В общем, подобную реакцию следовало ожидать. История с верандой и ночным яблоневым садом, конечно, замечательна, но по большому счету Мать–Ольха стремится, чем бы при этом она ни занималась, скорее оказаться под софитами, под пьянящими волнами признательности и восхищения. Какое тут смирение… Обычно жажда внимания у женщин имеет сугубо телесное выражение, поскольку женщины, как известно, телесные существа. Духовность у них, по замечанию одного полузабытого поэта, по большей части либо факультативна, либо признак вырождения. Мать–Ольха определенно духовна, но и на этом ярусе бытия, как красотка на поле телесного, она не терпит ни соперниц, ни соперников, способных отвлечь от нее внимание и притушить ее блеск. Возможно, в глубине души и Желтый Зверь для нее – всего лишь досадный соперник, с которым она вынуждена делить фимиам зрительского внимания. Впрочем, это уже напраслина, я, кажется, злословлю. А ведь Князь учит нас изгонять из сердца ложь, грубость и насмешку, ибо они суть зерна предательства.
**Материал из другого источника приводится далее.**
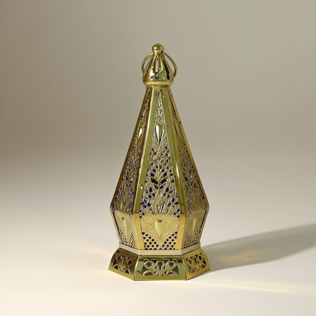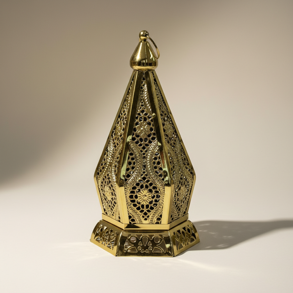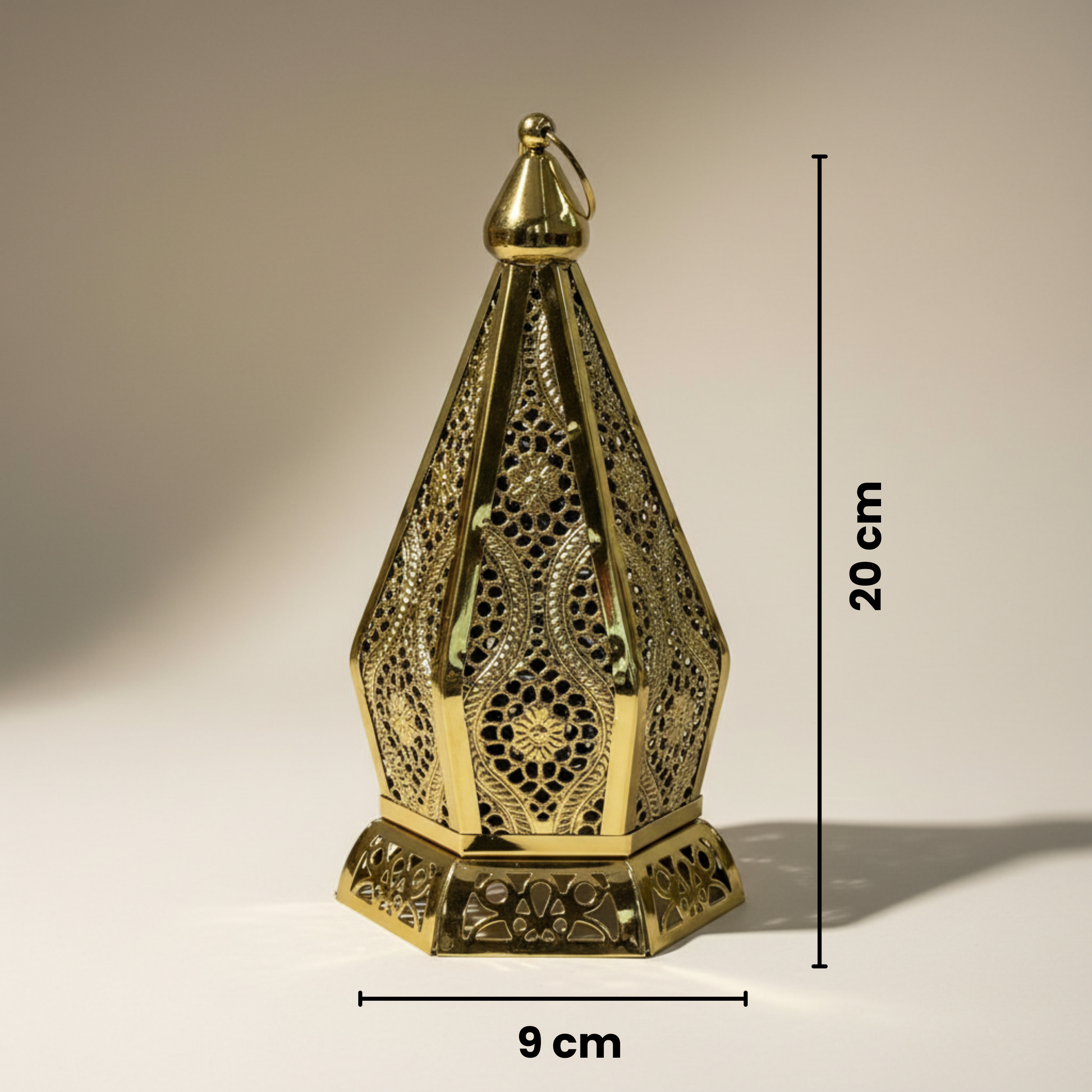 يتميز هذا الفانوس بتصميم معدني أنيق وشكل طويل يمنحه حضورًا راقيًا ينسجم مع روح الشهر الفضيل.

– Все так, – сказал я. – Но не означает ли явление Желтого Зверя, что человек уже разбазарил, осквернил свое наследство – землю изгнания, отдав ее на поругание собственной алчности? Что мир, который тебе мнится, в самой идее уже обращен в пустыню, разбит и в принципе не сохраняем, а осквернивший богоданное наследство человек – ни при каких обстоятельствах не спасаем? Хотя, согласен, в последние годы люди понемногу оставляют плутни и изживают свой позор. Так видится. Но мало ли нам было явлено для обольщения миражей?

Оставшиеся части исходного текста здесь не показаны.